Selfless dedication to a calling results in behavior that appears alternately selfish and eccentric to family and friends. Part of the inevitable crankiness stems from trying to listen to your muse over the din of skeptics who don’t believe in what you’re doing, while you learn to set appropriate boundaries between yourself and people so enraptured with your vision that you’d never get anything done if you accepted all their dinner invitations. Of course, in Gaudí’s case, a good meal now and then would have helped. It’s hard to function when you’re obsessed, overworked, and starving. But even while dining with wealthy clients, the architect rarely strayed from a daily vegetarian regime so strict that most people would consider it a form of fasting.

The willingness to relinquish personal comfort in service to a goal is so common among trailblazers of all kinds, even in corporate settings, that bestselling authors Richard Boyatzis and Annie McKee have a term for it: the “Sacrifice Syndrome.” In Resonant Leadership, they characterize it as a counterproductive yet hard-to-resist trap that leaders fall into when they “sacrifice too much for too long — and reap too little.” Deeply religious, Gaudí also subscribed to the Catholic concept of “mortification of the flesh” at a time when early-twentieth-century painters and composers were romanticizing the idea of suffering for one’s art.
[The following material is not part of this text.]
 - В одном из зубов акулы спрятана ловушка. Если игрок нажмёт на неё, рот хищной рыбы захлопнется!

And while we’re at it, let’s add the pressures of the visionary state itself. The muses don’t give a hoot about keeping your mortal body in optimal working order. When inspiration hits, it’s common to forget to eat or sleep for hours, even days, on end. And when inspiration fails, usually near some crucial deadline, a full-blown sleep disorder is on the horizon. With all these factors combined, Gaudí was lucky he lived long enough to meet a tragic end at seventy-four, let alone exhibit the endurance and clarity to continually raise funds for the cathedral while managing its construction and perfecting its revolutionary design.
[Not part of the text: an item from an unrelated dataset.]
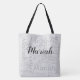 A nice and monogrammed design for a black and gray totebag. A pattern of personalized names of different font styles, with a big initial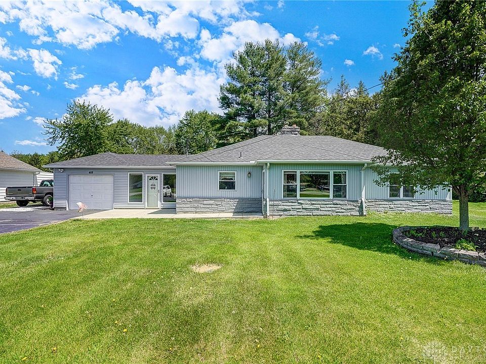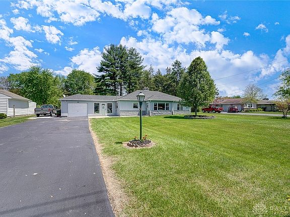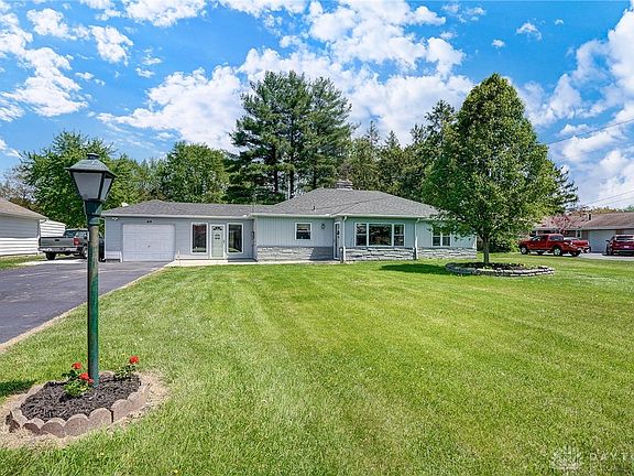 Well maintained 3 bedroom ranch with a 1 car attached garage AND a 30x40 pole barn for all of your toys and hobbies. This home has had a total beautification with all new flooring, freshly painted, new light fixtures, new stove and much more. New roof 2018, new furnace 2016, central air 2021, water heater 2013, replacement windows, plumbing rerouted through attic, a water filter and a water softener. Covered patio for outside enjoyment. Square Footage is approximately 1628 per seller as the breezeway was enclosed for a large family room. Convenient location off Rt 70, Rt 72 and Rt 68. Perfect commute to Beavercreek or Columbus.

And here’s perhaps the most unwieldy paradox of all: new perspectives demand sensitivity, creativity, and time spent alone to take form, while the subsequent manifestation of any significant, long-term vision requires motivating large numbers of people to pursue a common goal. A loner wandering around in that pulsating, open-nerve state may be able to mainline inspiration, but can he deal with the conflict, miscommunication, power plays, judgment, and politics of bringing his finest ideas to fruition? At the opposite end of the spectrum, intensely social people who develop a skin thick enough to let them navigate interpersonal and organizational dramas often lose connection to the very sensitivity that breeds inventive, nuanced thinking.

The solution involves a simple division of labor, you might say, but history has proven otherwise. Shrewd, charismatic managers and entrepreneurs have been known to prey upon brilliant yet socially awkward artists and inventors, whose ideas get diluted in the process. This kind of relationship, at its most benign, becomes codependent as the visionary loses touch with worldly concerns while his business partners neglect to further develop their own creative capacities. And both sides of this human equation are susceptible to the Sacrifice Syndrome as ambitious ideas face innumerable hurdles along the way, demanding visionaries and more practical leaders alike to break through the pressures, prejudices, and habits of the status quo on their way to creating lasting, meaningful change.
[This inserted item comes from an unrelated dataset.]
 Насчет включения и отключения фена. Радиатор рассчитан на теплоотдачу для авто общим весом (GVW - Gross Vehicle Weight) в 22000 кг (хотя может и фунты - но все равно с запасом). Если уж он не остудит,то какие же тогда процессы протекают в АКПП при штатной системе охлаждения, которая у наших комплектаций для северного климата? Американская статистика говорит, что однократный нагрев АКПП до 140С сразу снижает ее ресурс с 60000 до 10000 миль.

Finally, there’s the ultimate, arguably supernatural challenge: ensuring that the vision remains healthy after your poor worn-out bones are buried in the ground. Gaudí’s cathedral currently faces a threat more insidious than Catholic-hating communists: public transportation. One proposal involves construction of a subway nearby, which architects fear would damage the basilica over time. Another plan would turn the church into a train station. Apparently, it wasn’t enough to hit Gaudí with a tram. The assault of mass transit continues unabated nearly a century after his death.

These possible compromises to Sagrada Familia’s integrity illuminate one crucial aspect of managing individual and group needs over the long term. Not only do leaders have to convince colleagues, investors, and employees to buy into significant ideas, but at some point these innovators must also inspire a much larger public to support the vision as well. Whether in business, politics, art, or religion, initiating significant change is a lot like trying to overhaul an entire railway system while runaway trains continue to speed through it. No matter how defective the current model, people en masse resist the inconvenience and uncertainties of innovation with the hostility you’d expect them to reserve for immediate threats to their survival. Heated debates over public health care in the United States provide a glaring example. The average working man or woman isn’t trained or even encouraged to engage in cathedral thinking. And really, why should people be willing to sacrifice their own hard-earned comfort without an injection of the same 220-volt shot of inspiration that got the original innovator going? Acting as both lightning rod and transformer is part of the skill and thrill — and inevitable burnout — visionary leaders must learn to manage if they plan to achieve anything consequential.

Sacrifice and Renewal

As Mother Teresa once inscribed on the wall of her children’s home in Calcutta, “If you are successful, you win false friends and true enemies; Succeed anyway. . . . What you spend years building, someone could destroy overnight; Build anyway.” Pull this off, and you hit the PhD level of leadership development. Or maybe we’re talking sainthood here. Yet even those of us still working on the necessary prerequisites for great leadership — inspiration, innovation, communication, and emotional and social intelligence — need to understand how to navigate what Boyatzis and McKee call “the Cycle of Sacrifice and Renewal” if we plan to align our God-given talents and hard-won knowledge with long-term goals.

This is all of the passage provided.